First off, as some of you may know by now, I've switched to a different job at the factory. Monday through Friday, as opposed to the rotating shifts I've gotten used to aver the years. It entailed a small cut in my pay rate, too. Until New Years, I'll be doing Age Testing and Dust Testing on the insulation. Sort of a Redneck Lab Tech, LOL! After New Years I will have to go back to my old job. I knew at the outset this new job would be temporary. Basically, I get ordinary bags of insulation right off the line as they are being packaged, bundle them up just like they were going to the warehouse for shipment to customers, and let the bundles sit in a hold area for specific periods of time. Time Of Manufacture, 7-Days, 14-Days, 30-Days, 60-Days, and 90-Days. As each time is reached, I cut the bundles open, do a full range of quality tests on each bag, and cut samples for the dust tests. Then I go off to my little laboratory and test the amount of dust each sample produces when they go into a testing machine. I also do Data Entry on all of the tests I do. All that information is used to suggest changes to the manufacturing process so the glass ages better, and the dust is reduced. Naturally, I'm not supposed to go into a lot of detail. We can't go giving away company secrets, after all.

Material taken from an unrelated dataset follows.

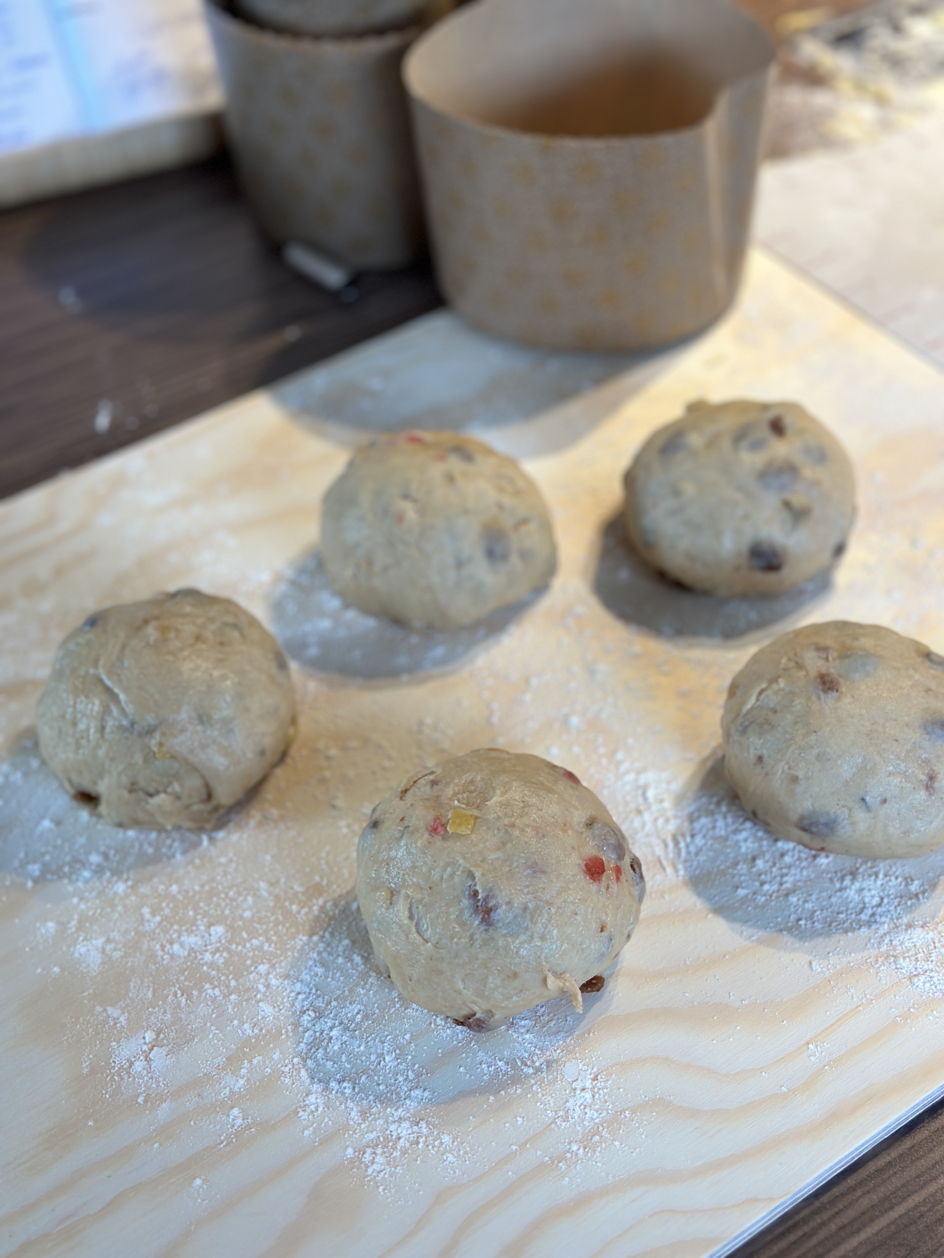 Nachdem sich der Teig verdoppelt hat, den Teig in 5 Stücke zu je 250g teilen, diese rund schleifen und mit Schluss nach unten NICHT abgedeckt ca. 1 Stunde entspannen lassen.

Secondly, I have almost finished the rewrite of the story for the steampunk anthology I submitted to a couple of months ago. The anthology editors asked me to extend the ending past the scene where I originally stopped. I was limited to a strict 8000 word limit by the anthology for which I originally wrote the story. It was a good stopping place, but not a good ending, if you see the difference. The editors of the new anthology wanted more story, a real ending, and they've allowed me to expand on the tale. I should be able to reach the ending I want within the next few days. Then I'll have to go in and edit the bits I see need changes, mail it off to the editors, and let them work their magic.

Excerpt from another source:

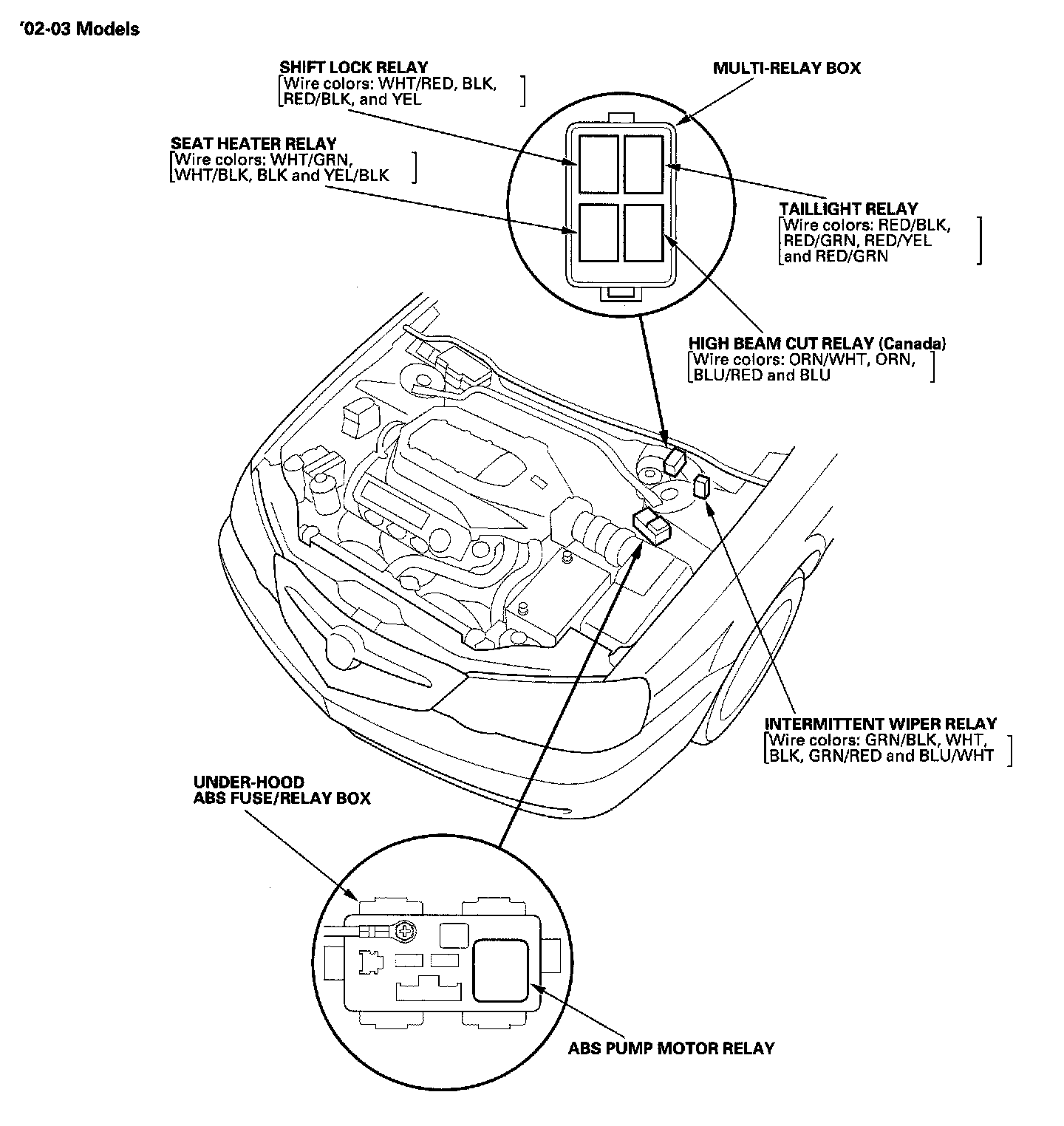 Under-hood ABS Fuse/Relay Box (02-03 Models):

A lot of you regular readers know how I feel about editors. But for those of you who don't, I'll expound upon the subject for this editorial. You see, editors are necessary because they can see a story in ways the writer can't. Writers get caught up inside their stories. We get so deep inside them that some of the flaws become invisible to us. Sure, we see the more obvious errors. An editor comes to the story fresh, without the handicap of having gotten used to those invisible errors the writer no longer sees. To them, the invisible errors stand out more clearly than to the writer. They can see where a writer used the same word repeatedly, then they find suitable synonyms to cut down on the number of repetitions. They can see where a spell-check didn't notice a correctly spelled word that wasn't the correct word at all. They can see were a characters eyes were blue on page 2, yet are described as green on page 17. Or where dialog gets assigned to the wrong character, as if one had been speaking with a Scottish accent to another who had a Southern US accent, but the writer forgot which was which in a couple of lines. And so on. Because an editor hasn't been seeing the story over and over and over again like the writer, the flaws are more obvious to them.

I love working with editors! I learn so much from them. I pick up on tricks to use while writing to catch even more errors so that they can find fewer small flaws in my work. Some of the big ones still happen, of course. Habits of a lifetime are hard to break. To this day I still have trouble seeing where I've slipped from Past Tense into Passive Voice. I still slip in to many that and which and for and other, similar words. Those run up a word count without adding much to the story itself. Sometimes those words are needed, but most of the time they are uselessly taking up space.

A good editor not only finds your errors, suggests corrections, and works with you to make the story better. They also teach you how to become a better writer. After working with editors, a writer finds that they have learned how to better spot their own mistakes, as well as ways to correct them. You begin to break old, bad habits while learning to spot other ways in which your writing can become even better. Every writer needs an editor. Even editors who writ need editors of their own. No matter how long you've been writing, or how good you get, you never outgrow the need to have someone outside your own head take a look at your work and point out where you slipped up.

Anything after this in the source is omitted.